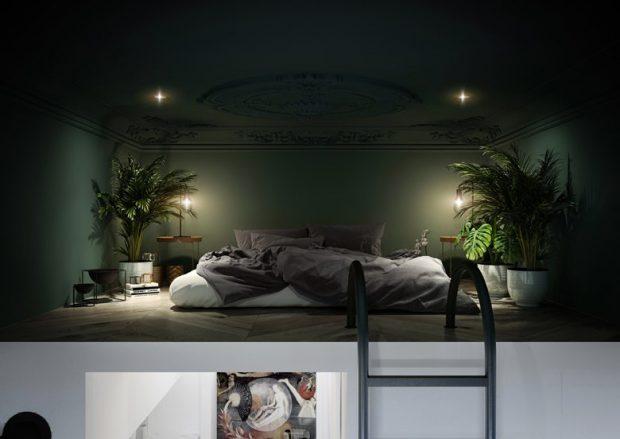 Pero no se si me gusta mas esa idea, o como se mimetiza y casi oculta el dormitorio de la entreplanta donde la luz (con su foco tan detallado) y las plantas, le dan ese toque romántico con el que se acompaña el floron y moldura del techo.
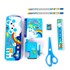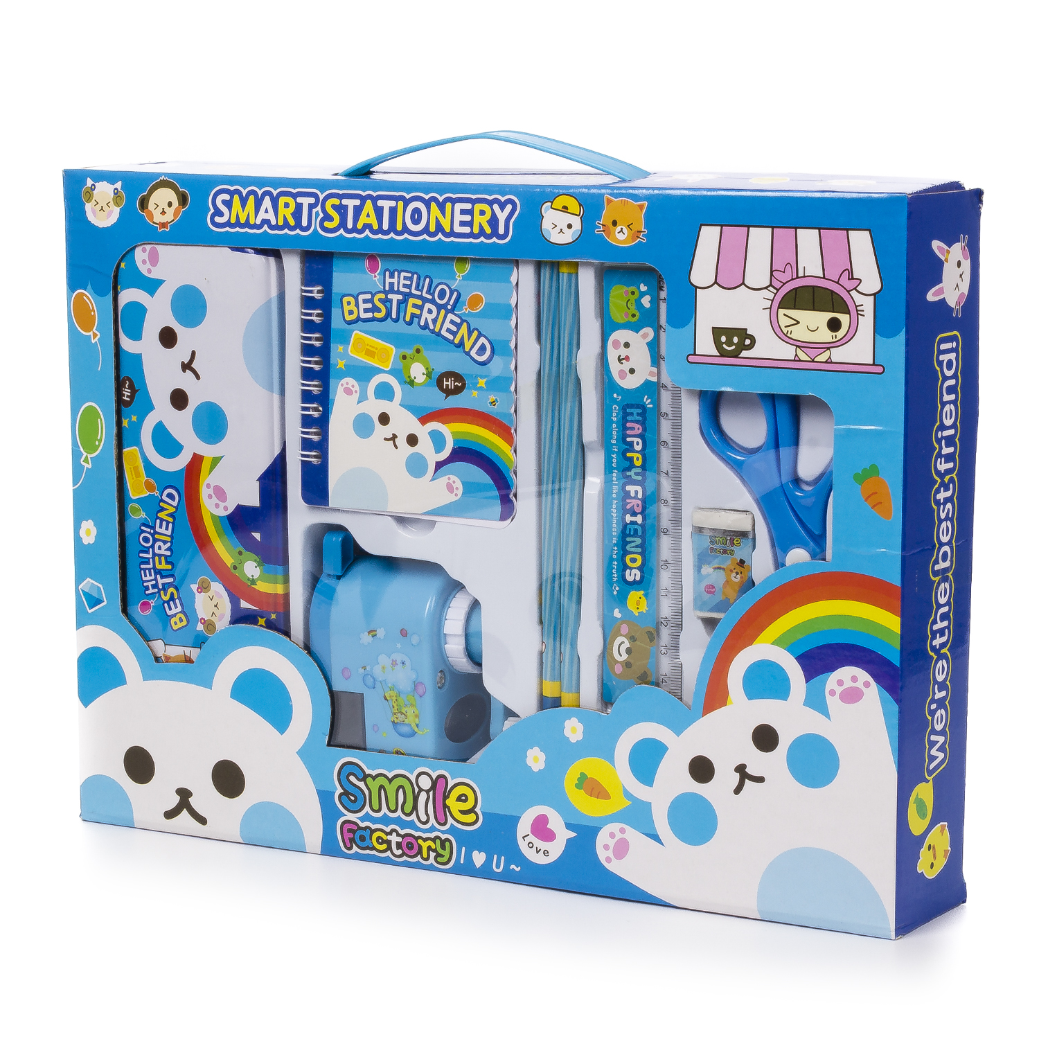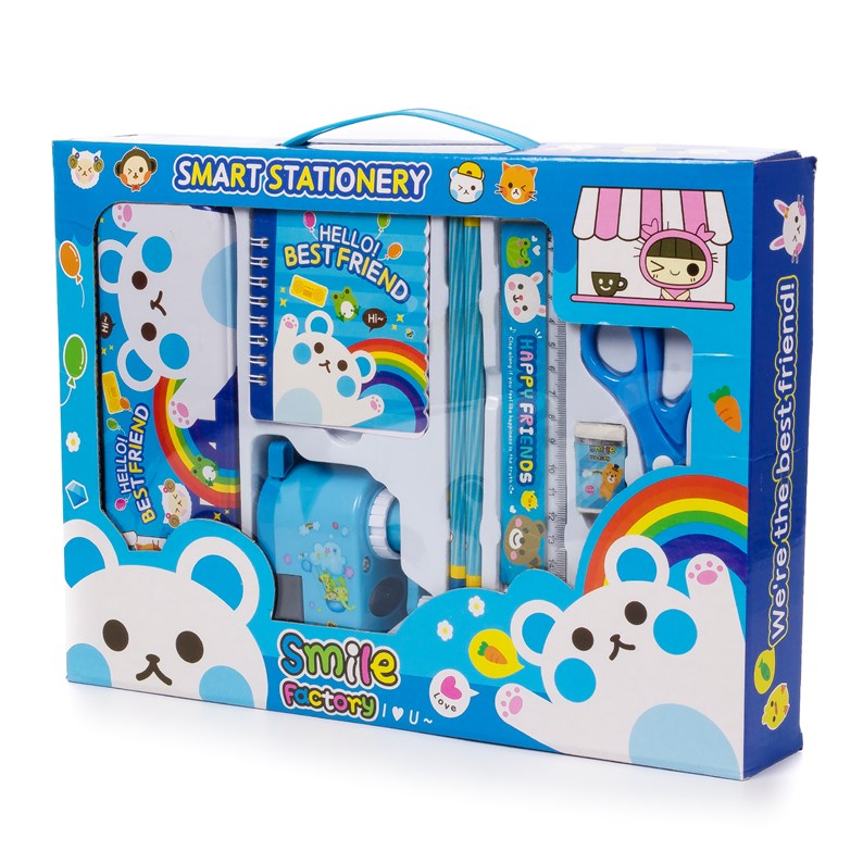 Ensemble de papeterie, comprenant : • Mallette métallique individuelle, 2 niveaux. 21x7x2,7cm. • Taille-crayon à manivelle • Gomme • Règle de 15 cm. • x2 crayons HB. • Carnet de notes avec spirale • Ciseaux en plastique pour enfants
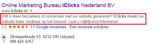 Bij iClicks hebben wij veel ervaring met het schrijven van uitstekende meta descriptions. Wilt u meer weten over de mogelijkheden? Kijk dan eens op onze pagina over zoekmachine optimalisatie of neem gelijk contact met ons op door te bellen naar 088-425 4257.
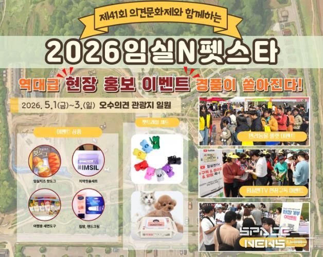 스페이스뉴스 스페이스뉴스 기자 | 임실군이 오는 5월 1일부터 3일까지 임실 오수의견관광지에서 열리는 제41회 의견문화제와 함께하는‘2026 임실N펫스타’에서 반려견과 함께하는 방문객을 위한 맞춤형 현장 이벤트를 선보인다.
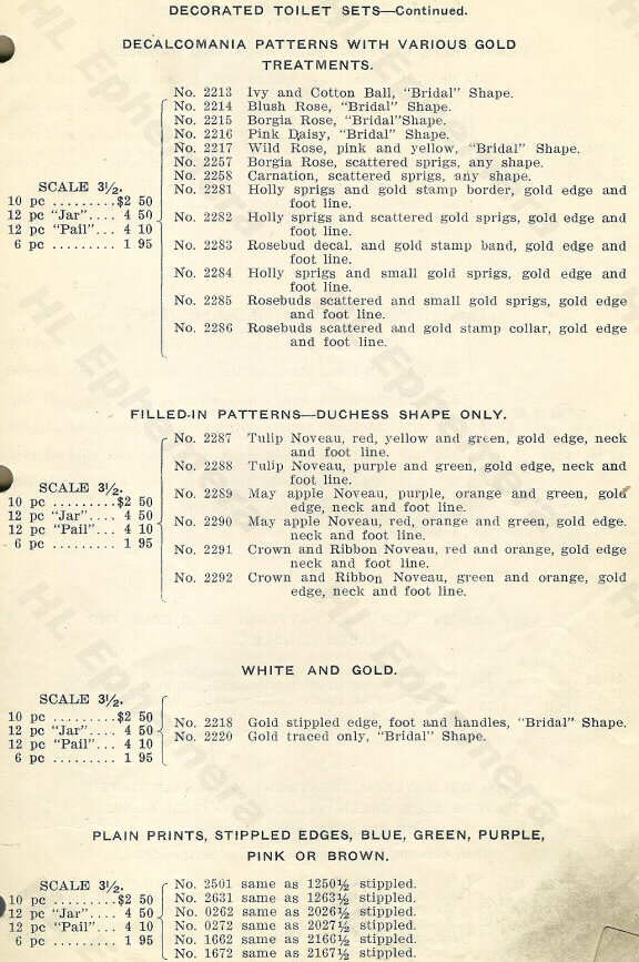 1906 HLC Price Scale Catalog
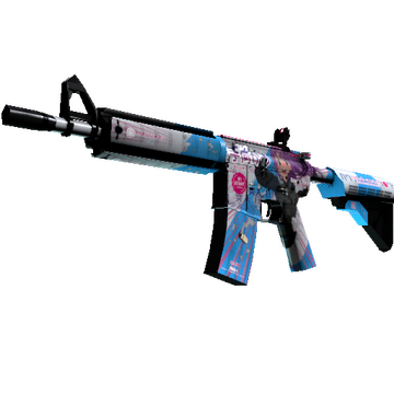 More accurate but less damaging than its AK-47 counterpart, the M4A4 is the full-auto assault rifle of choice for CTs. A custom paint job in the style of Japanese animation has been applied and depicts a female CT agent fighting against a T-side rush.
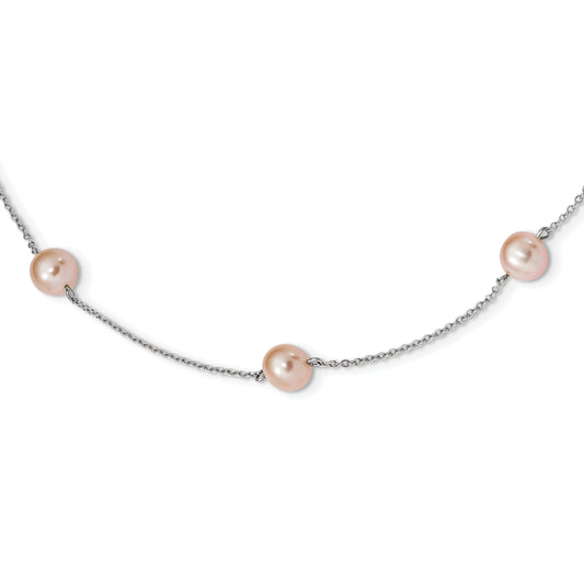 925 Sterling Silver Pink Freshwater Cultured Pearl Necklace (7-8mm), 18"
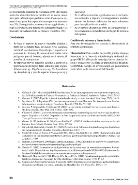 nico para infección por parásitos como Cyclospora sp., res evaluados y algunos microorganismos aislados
....................
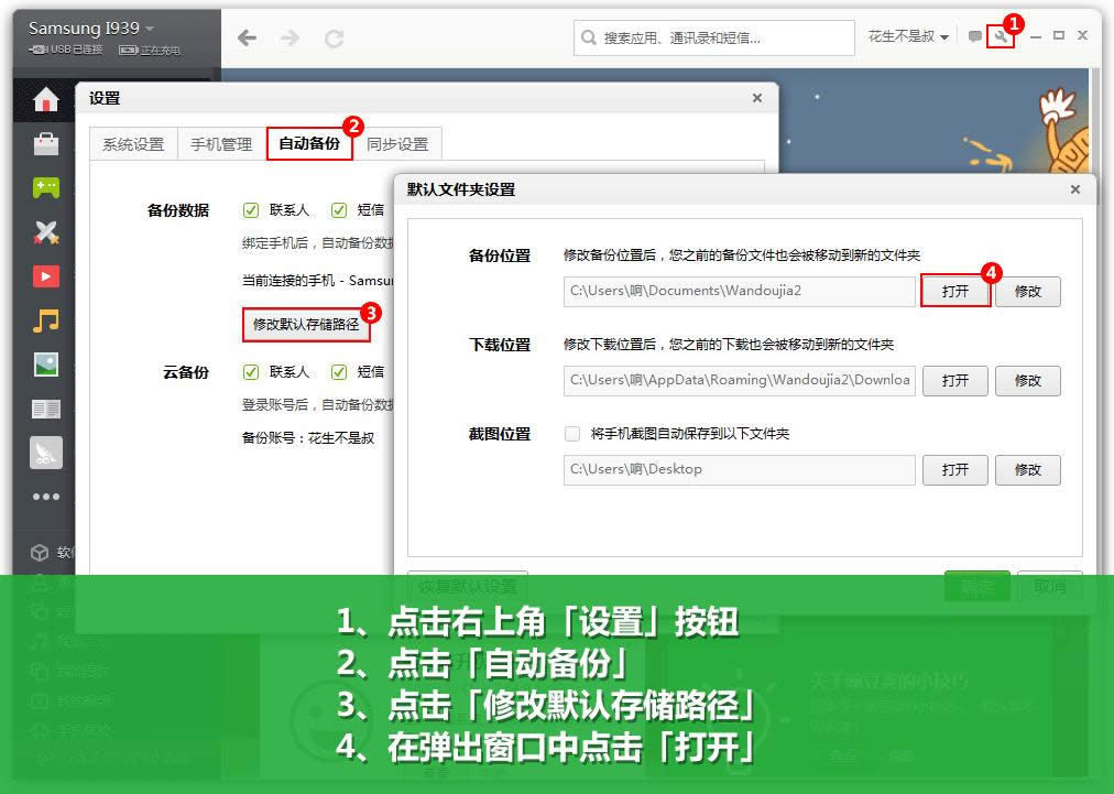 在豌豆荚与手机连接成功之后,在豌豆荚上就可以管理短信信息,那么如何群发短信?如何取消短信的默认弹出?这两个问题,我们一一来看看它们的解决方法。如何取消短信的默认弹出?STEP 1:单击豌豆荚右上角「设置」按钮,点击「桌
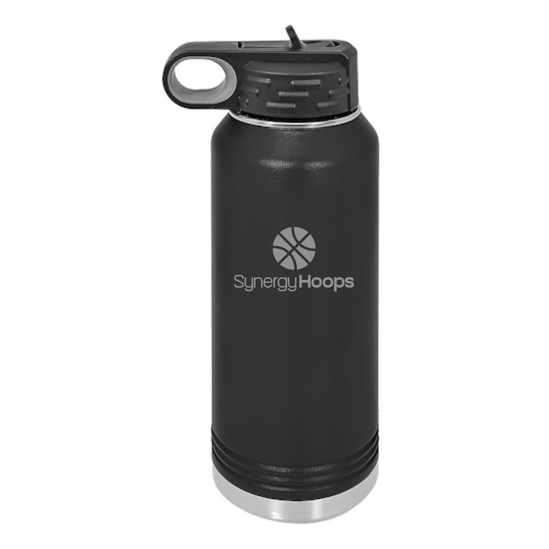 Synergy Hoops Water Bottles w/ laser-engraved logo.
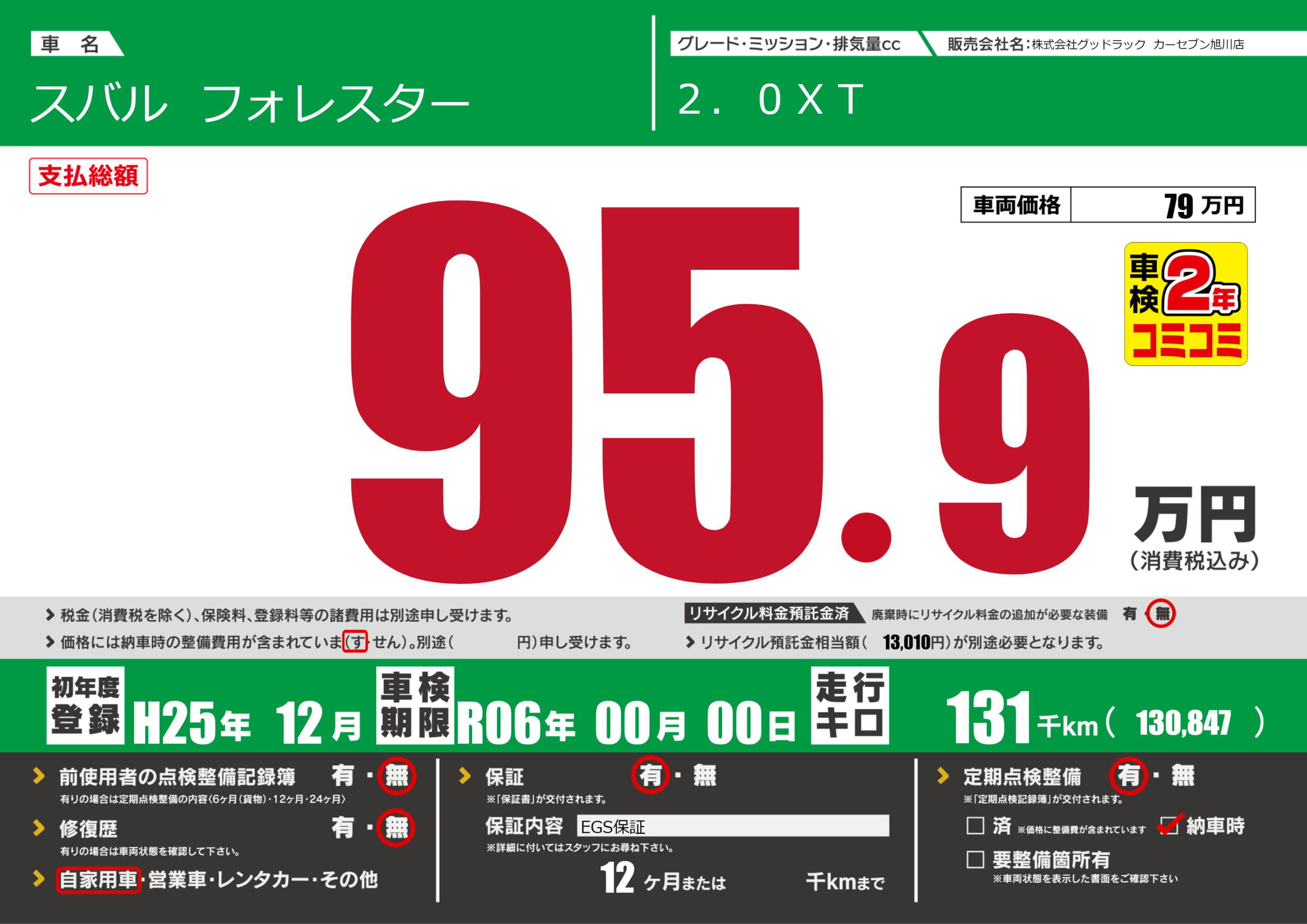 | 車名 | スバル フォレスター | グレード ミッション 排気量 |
....................
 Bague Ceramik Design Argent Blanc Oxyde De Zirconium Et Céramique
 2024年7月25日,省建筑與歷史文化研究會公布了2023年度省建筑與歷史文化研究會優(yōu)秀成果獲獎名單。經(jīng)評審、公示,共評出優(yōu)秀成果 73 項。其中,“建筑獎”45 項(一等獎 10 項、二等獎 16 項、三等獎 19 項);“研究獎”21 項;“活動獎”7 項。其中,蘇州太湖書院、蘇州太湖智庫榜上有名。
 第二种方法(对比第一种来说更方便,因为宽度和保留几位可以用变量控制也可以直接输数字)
....................
● **WHAT TO PRODUCE**:
Go through the listing above and write out exactly the lines starting with the one holding "Bague Ceramik Design" and running through the one holding "第二种方法(对比第一种来说更", ends included, and no others.

● **EXERCISE SOLUTION**:
 Bague Ceramik Design Argent Blanc Oxyde De Zirconium Et Céramique
 2024年7月25日,省建筑與歷史文化研究會公布了2023年度省建筑與歷史文化研究會優(yōu)秀成果獲獎名單。經(jīng)評審、公示,共評出優(yōu)秀成果 73 項。其中,“建筑獎”45 項(一等獎 10 項、二等獎 16 項、三等獎 19 項);“研究獎”21 項;“活動獎”7 項。其中,蘇州太湖書院、蘇州太湖智庫榜上有名。
 第二种方法(对比第一种来说更方便,因为宽度和保留几位可以用变量控制也可以直接输数字)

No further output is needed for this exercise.